SOURCE DATA:
============================================================
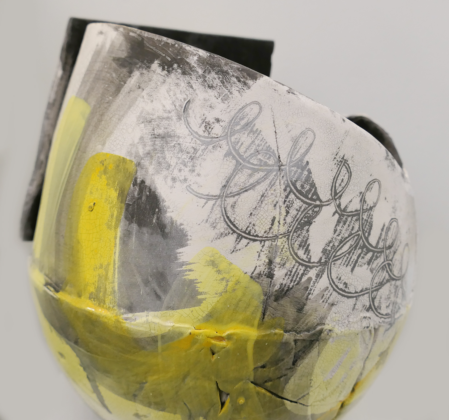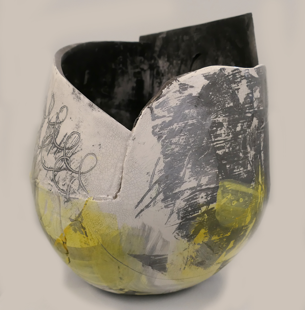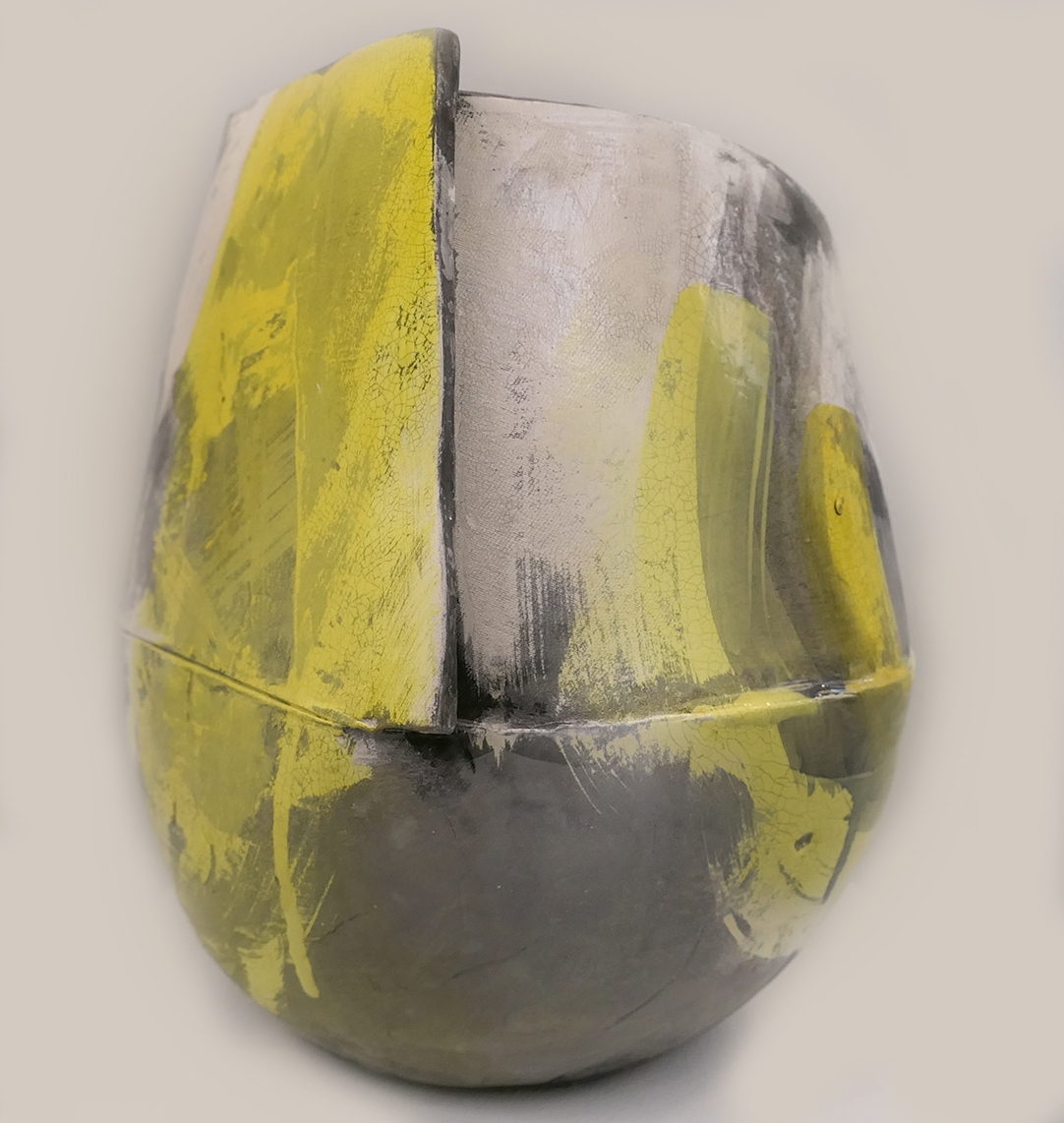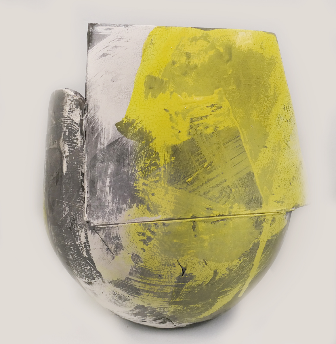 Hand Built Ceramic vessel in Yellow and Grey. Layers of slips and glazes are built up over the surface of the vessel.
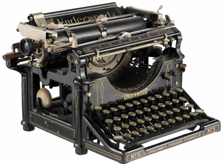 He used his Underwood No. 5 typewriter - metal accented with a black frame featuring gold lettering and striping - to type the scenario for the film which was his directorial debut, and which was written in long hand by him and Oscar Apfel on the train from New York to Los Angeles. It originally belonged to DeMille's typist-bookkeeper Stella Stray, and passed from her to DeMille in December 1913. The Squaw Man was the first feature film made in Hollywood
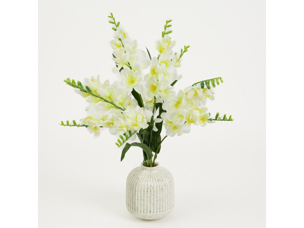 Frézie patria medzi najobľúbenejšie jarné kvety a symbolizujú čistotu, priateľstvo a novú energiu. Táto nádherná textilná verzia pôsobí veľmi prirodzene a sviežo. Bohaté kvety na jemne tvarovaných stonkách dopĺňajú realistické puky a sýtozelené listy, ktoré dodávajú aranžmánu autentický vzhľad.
============================================================
HOW TO COMPLETE THIS TASK:
In the copy, include no pictures; everything else in the material should be written out exactly.

RESPONSE TO THE TASK:
 Hand Built Ceramic vessel in Yellow and Grey. Layers of slips and glazes are built up over the surface of the vessel.
 He used his Underwood No. 5 typewriter - metal accented with a black frame featuring gold lettering and striping - to type the scenario for the film which was his directorial debut, and which was written in long hand by him and Oscar Apfel on the train from New York to Los Angeles. It originally belonged to DeMille's typist-bookkeeper Stella Stray, and passed from her to DeMille in December 1913. The Squaw Man was the first feature film made in Hollywood
 Frézie patria medzi najobľúbenejšie jarné kvety a symbolizujú čistotu, priateľstvo a novú energiu. Táto nádherná textilná verzia pôsobí veľmi prirodzene a sviežo. Bohaté kvety na jemne tvarovaných stonkách dopĺňajú realistické puky a sýtozelené listy, ktoré dodávajú aranžmánu autentický vzhľad.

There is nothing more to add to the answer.